━━ DATA RECORDS ━━

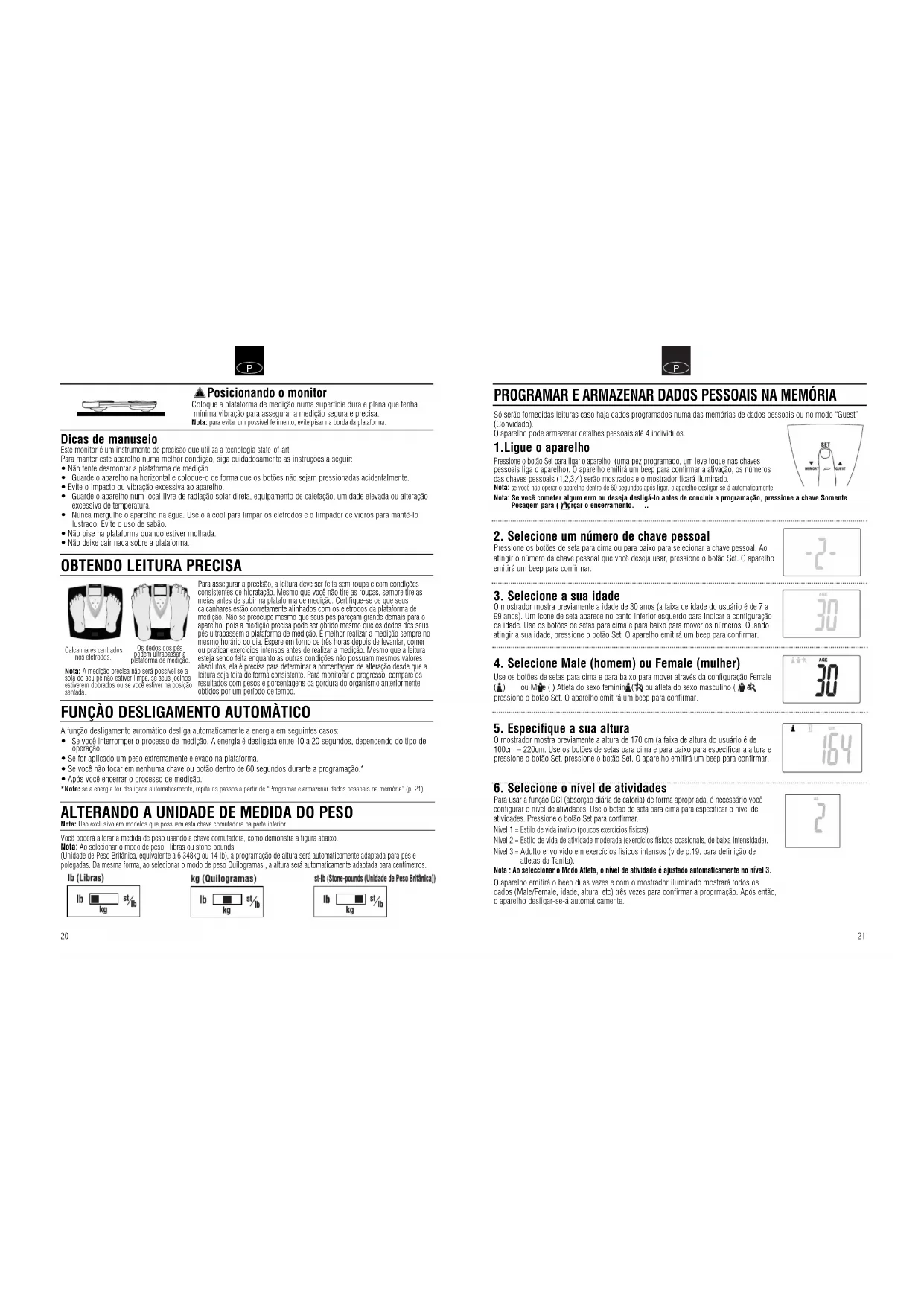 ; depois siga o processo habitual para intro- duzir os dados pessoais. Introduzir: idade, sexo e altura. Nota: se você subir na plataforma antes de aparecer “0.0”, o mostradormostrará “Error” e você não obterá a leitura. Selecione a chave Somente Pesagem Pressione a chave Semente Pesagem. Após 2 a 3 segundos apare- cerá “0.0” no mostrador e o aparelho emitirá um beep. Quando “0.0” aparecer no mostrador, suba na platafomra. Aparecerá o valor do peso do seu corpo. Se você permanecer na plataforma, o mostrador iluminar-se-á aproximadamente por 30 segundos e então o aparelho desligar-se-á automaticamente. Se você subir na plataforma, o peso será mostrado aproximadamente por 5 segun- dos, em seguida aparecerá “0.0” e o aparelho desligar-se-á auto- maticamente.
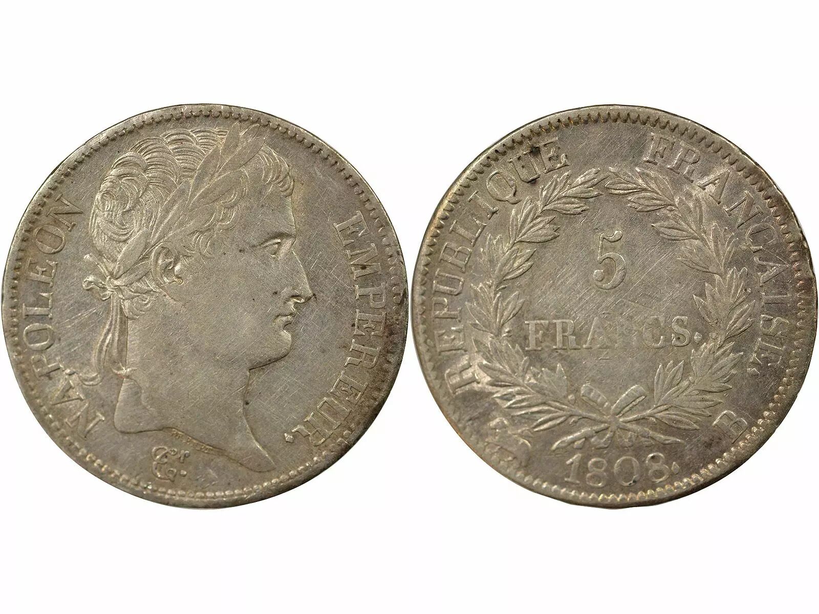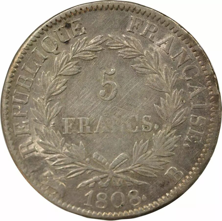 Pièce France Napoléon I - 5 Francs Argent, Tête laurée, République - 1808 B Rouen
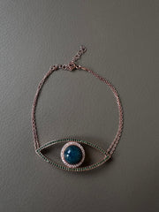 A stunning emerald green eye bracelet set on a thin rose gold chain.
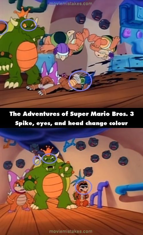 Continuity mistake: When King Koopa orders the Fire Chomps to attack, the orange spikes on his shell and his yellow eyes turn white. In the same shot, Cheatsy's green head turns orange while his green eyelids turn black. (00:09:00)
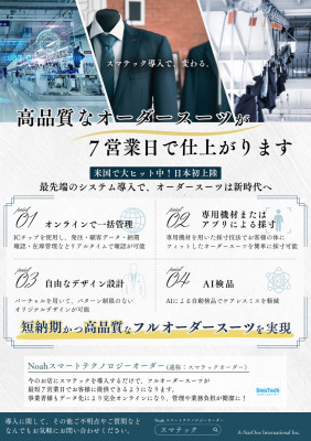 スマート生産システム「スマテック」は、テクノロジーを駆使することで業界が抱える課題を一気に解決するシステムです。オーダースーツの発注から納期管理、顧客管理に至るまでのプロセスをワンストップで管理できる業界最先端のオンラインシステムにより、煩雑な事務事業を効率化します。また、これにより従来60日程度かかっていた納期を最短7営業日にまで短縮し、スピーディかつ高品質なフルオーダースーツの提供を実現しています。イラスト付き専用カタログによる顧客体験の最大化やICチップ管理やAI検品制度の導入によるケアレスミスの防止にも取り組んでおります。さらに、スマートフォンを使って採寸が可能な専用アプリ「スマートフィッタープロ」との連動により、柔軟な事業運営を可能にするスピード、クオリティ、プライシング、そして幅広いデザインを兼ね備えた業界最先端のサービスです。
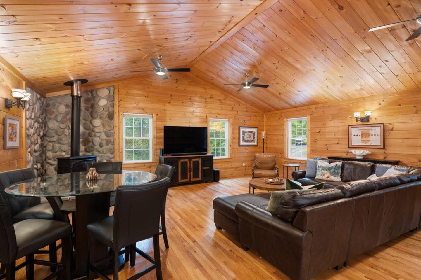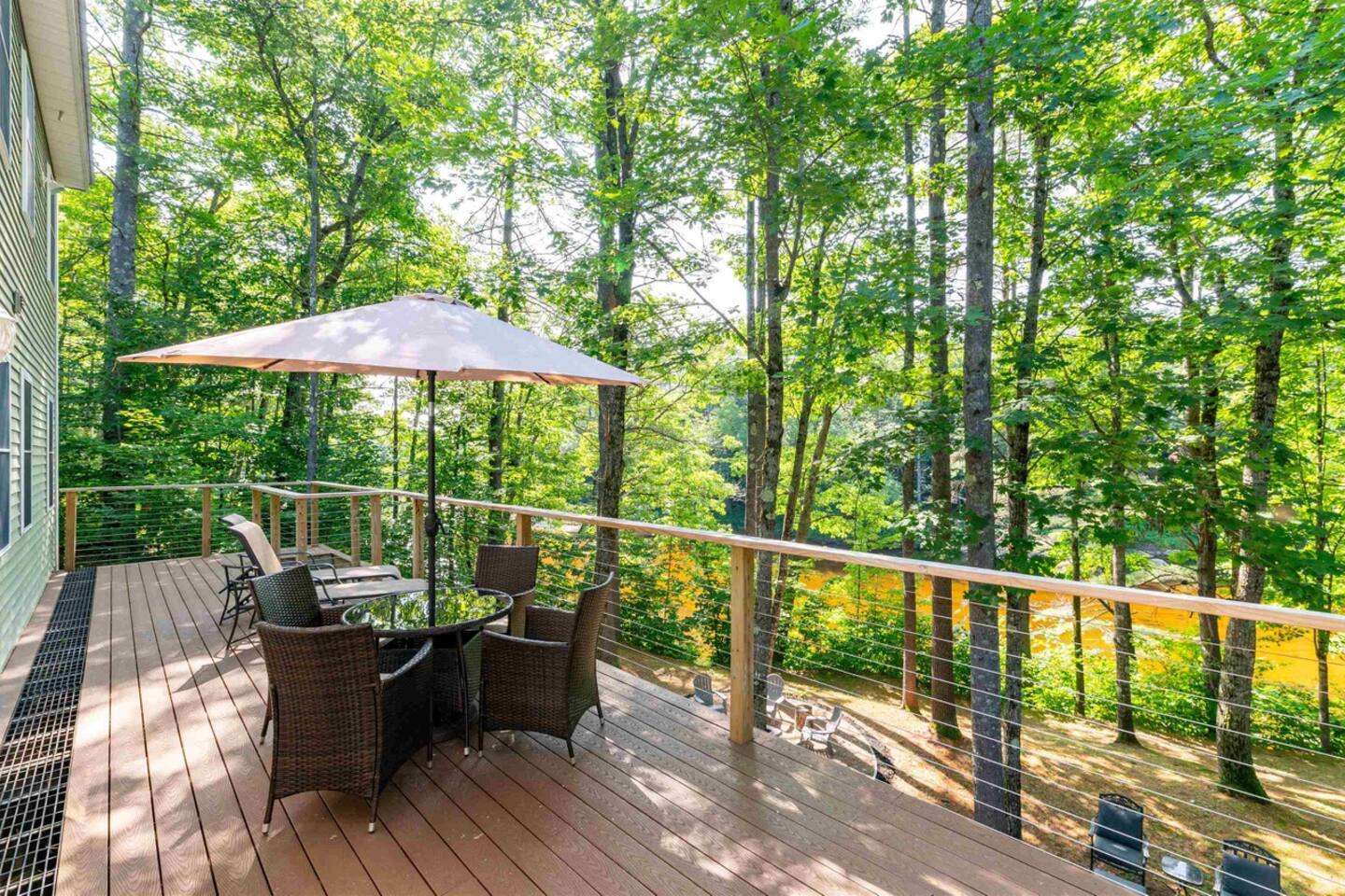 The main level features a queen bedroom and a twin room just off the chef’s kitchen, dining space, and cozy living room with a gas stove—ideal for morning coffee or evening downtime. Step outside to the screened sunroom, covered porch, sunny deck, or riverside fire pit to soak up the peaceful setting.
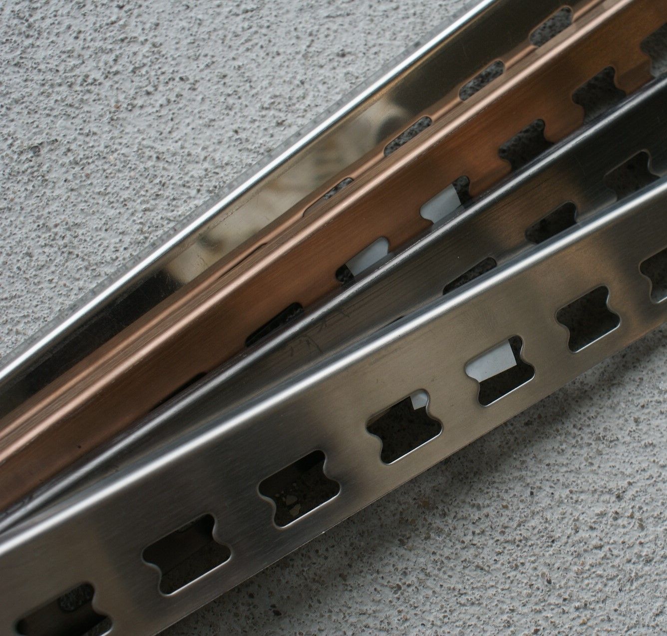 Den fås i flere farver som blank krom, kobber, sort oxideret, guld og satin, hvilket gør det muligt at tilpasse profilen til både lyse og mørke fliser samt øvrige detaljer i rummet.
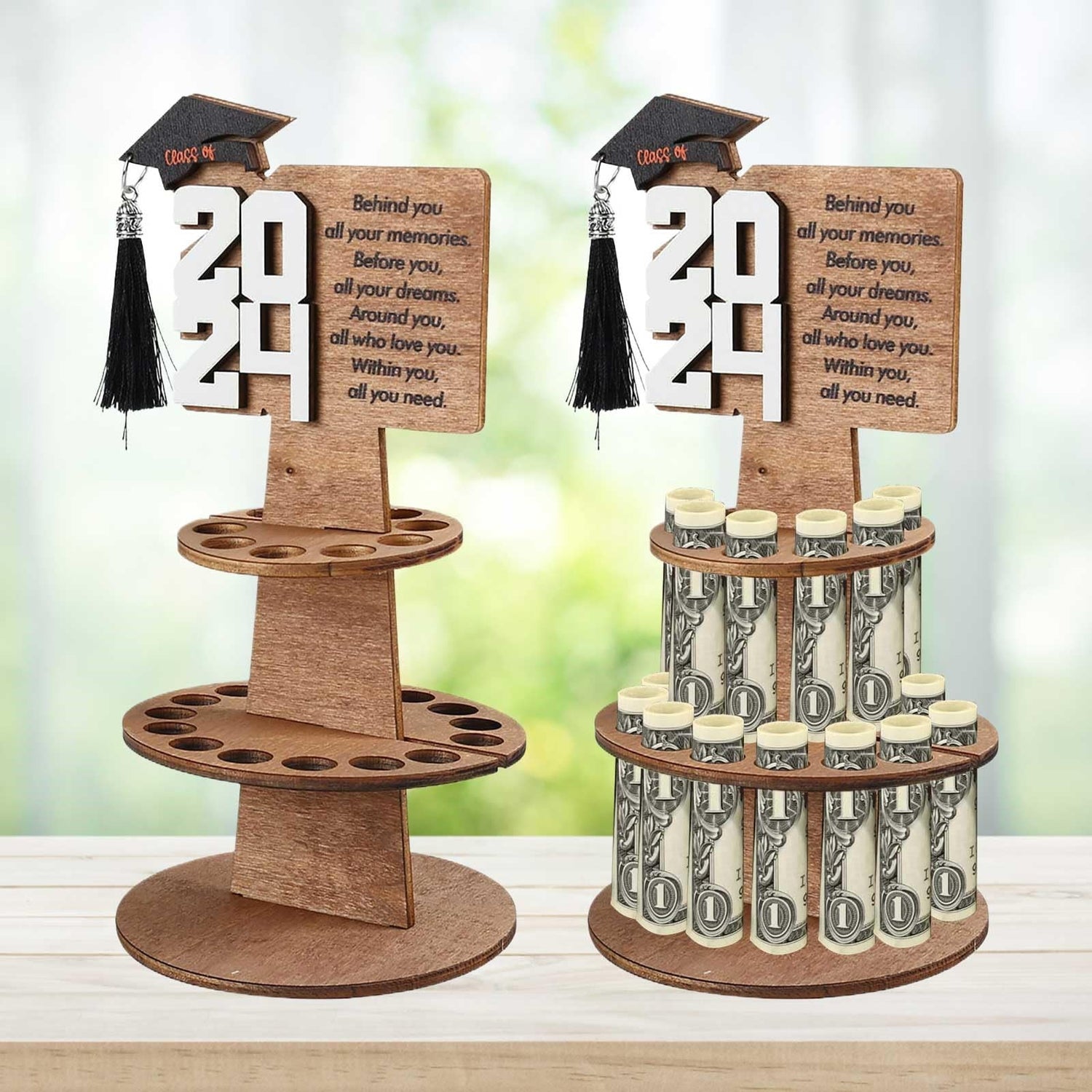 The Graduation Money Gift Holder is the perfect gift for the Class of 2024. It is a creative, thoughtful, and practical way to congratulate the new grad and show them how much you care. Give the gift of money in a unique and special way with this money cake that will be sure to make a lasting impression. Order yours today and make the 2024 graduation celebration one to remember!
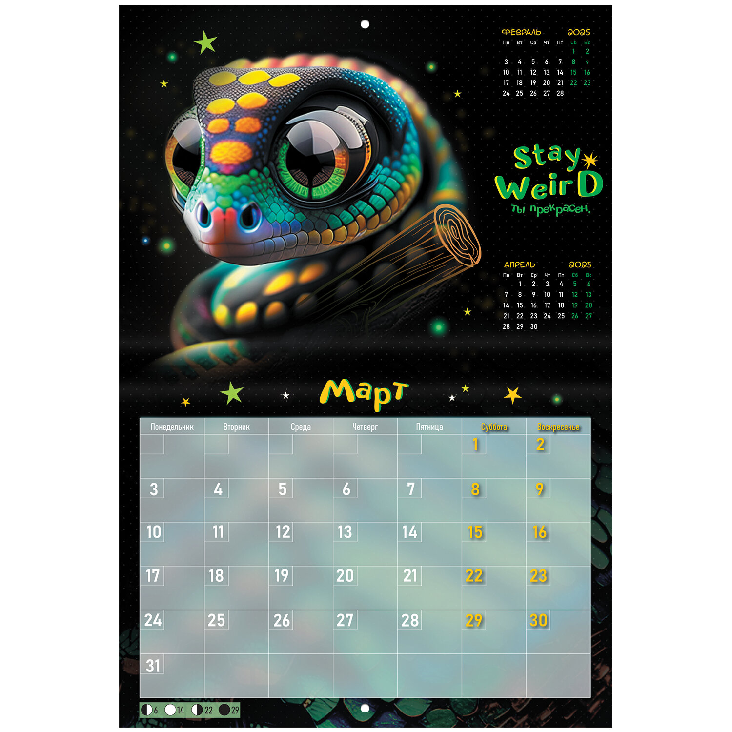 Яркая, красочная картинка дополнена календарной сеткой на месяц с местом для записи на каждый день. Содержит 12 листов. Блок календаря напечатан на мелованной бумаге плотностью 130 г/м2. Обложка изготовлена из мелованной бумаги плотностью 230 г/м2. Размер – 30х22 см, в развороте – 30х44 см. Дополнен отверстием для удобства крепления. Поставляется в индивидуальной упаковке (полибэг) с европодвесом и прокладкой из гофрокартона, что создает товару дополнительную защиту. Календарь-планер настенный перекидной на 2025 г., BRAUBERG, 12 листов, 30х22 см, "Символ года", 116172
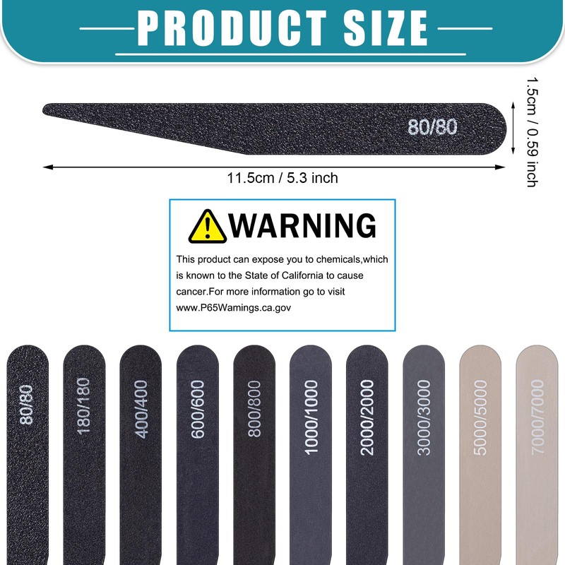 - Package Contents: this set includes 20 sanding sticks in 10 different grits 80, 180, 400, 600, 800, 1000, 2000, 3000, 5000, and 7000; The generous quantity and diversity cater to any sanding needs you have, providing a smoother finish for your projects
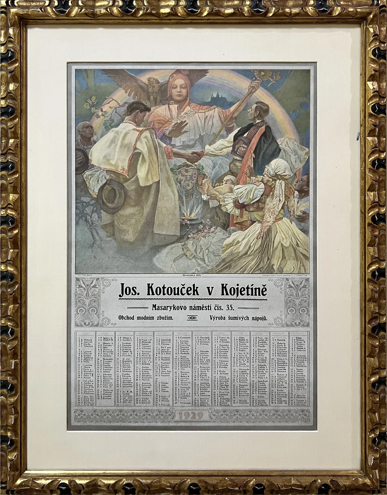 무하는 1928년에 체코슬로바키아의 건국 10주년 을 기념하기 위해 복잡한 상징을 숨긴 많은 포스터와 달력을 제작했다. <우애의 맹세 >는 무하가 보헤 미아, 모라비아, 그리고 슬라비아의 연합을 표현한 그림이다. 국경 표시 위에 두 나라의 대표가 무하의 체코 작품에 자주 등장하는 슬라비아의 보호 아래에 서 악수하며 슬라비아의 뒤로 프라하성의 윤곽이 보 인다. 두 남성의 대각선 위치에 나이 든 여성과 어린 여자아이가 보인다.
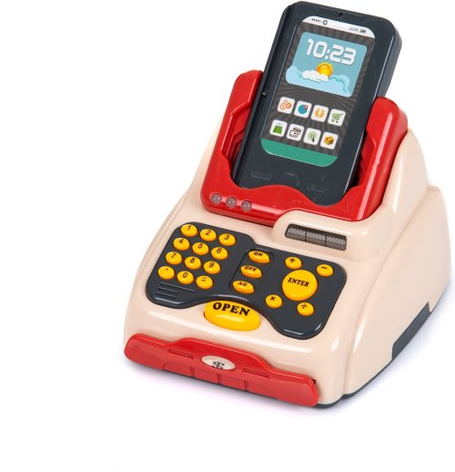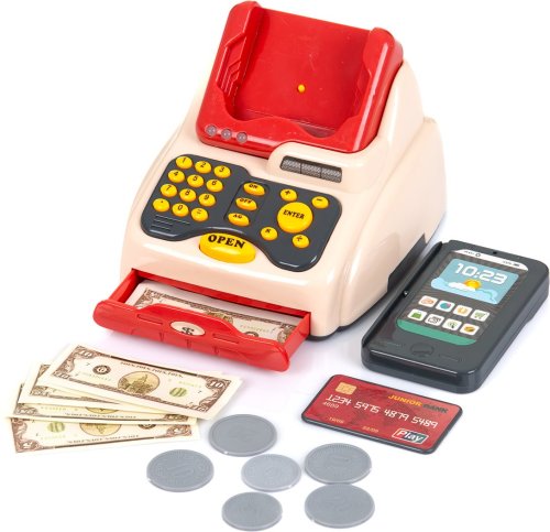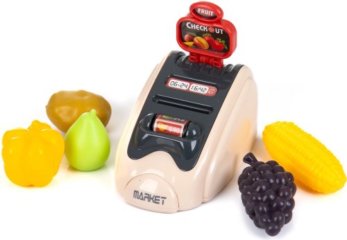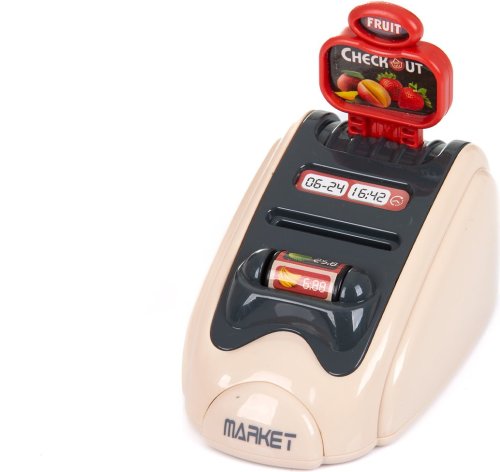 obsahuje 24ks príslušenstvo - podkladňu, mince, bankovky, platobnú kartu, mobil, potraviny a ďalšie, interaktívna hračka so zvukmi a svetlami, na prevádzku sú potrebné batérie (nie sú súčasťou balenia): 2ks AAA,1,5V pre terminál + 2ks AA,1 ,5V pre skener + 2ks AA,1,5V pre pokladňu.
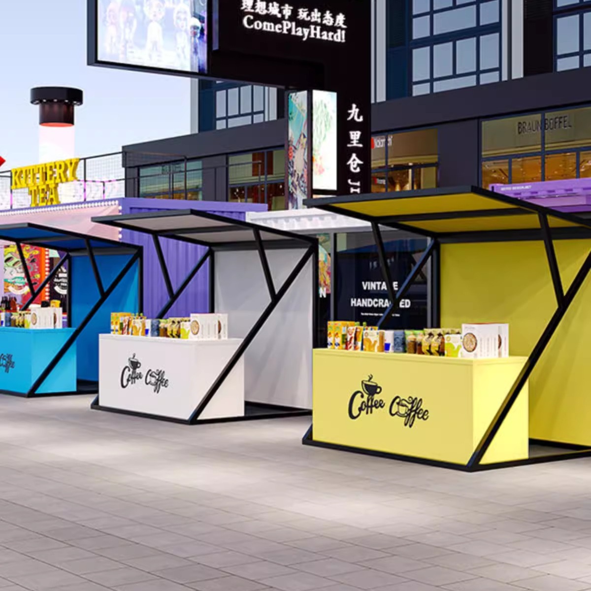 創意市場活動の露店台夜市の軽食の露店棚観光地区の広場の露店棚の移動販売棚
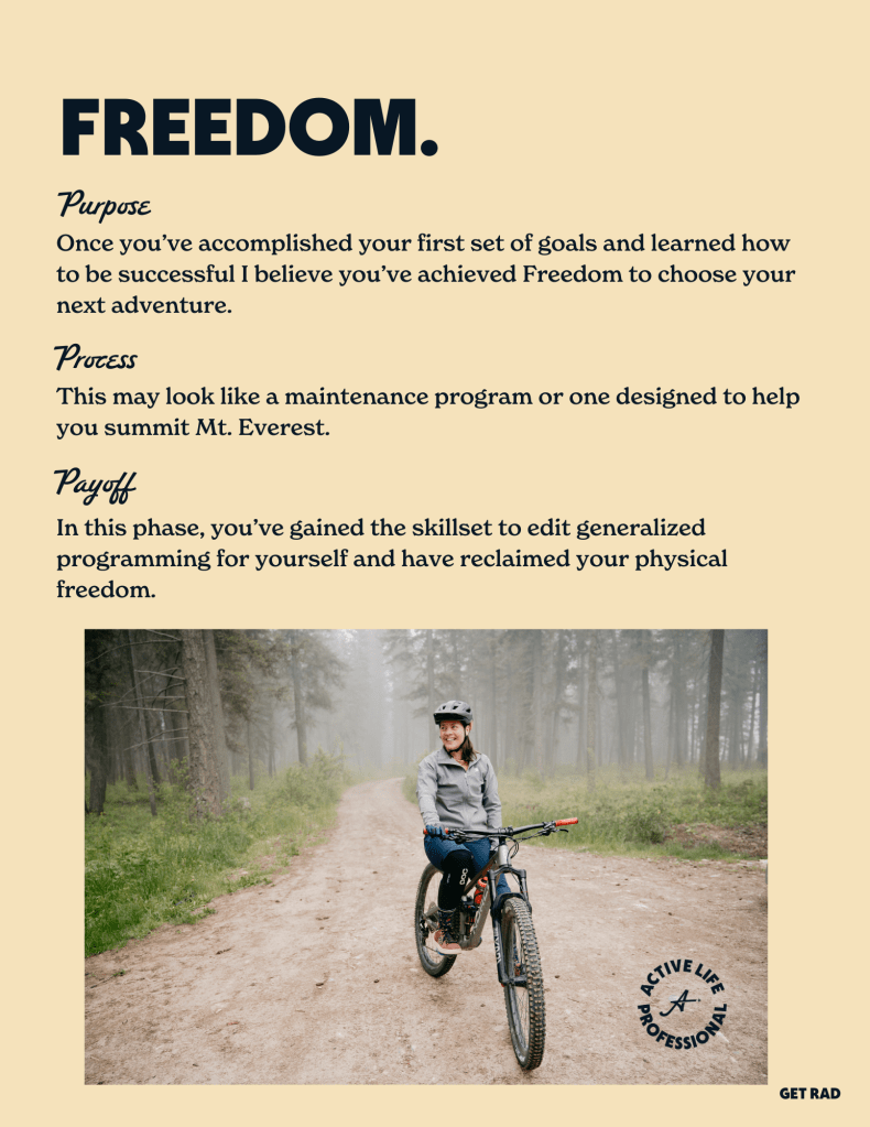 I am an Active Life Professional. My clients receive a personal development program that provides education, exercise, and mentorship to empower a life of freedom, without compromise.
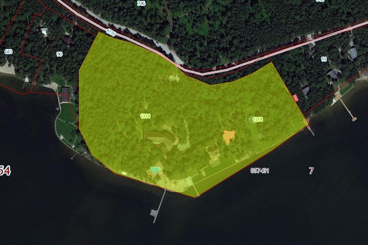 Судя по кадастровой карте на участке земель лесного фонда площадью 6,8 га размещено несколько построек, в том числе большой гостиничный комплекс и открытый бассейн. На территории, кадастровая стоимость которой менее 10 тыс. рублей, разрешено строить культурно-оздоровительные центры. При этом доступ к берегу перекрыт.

━━━

WHAT IS NEEDED:
Leave the pictures out, and transcribe exactly the lines above starting at the one that contains "Continuity mistake: When" and ending at the one that contains "Den fås i flere".

ANSWER FOR THIS EXERCISE:
 Continuity mistake: When King Koopa orders the Fire Chomps to attack, the orange spikes on his shell and his yellow eyes turn white. In the same shot, Cheatsy's green head turns orange while his green eyelids turn black. (00:09:00)
 スマート生産システム「スマテック」は、テクノロジーを駆使することで業界が抱える課題を一気に解決するシステムです。オーダースーツの発注から納期管理、顧客管理に至るまでのプロセスをワンストップで管理できる業界最先端のオンラインシステムにより、煩雑な事務事業を効率化します。また、これにより従来60日程度かかっていた納期を最短7営業日にまで短縮し、スピーディかつ高品質なフルオーダースーツの提供を実現しています。イラスト付き専用カタログによる顧客体験の最大化やICチップ管理やAI検品制度の導入によるケアレスミスの防止にも取り組んでおります。さらに、スマートフォンを使って採寸が可能な専用アプリ「スマートフィッタープロ」との連動により、柔軟な事業運営を可能にするスピード、クオリティ、プライシング、そして幅広いデザインを兼ね備えた業界最先端のサービスです。
 The main level features a queen bedroom and a twin room just off the chef’s kitchen, dining space, and cozy living room with a gas stove—ideal for morning coffee or evening downtime. Step outside to the screened sunroom, covered porch, sunny deck, or riverside fire pit to soak up the peaceful setting.
 Den fås i flere farver som blank krom, kobber, sort oxideret, guld og satin, hvilket gør det muligt at tilpasse profilen til både lyse og mørke fliser samt øvrige detaljer i rummet.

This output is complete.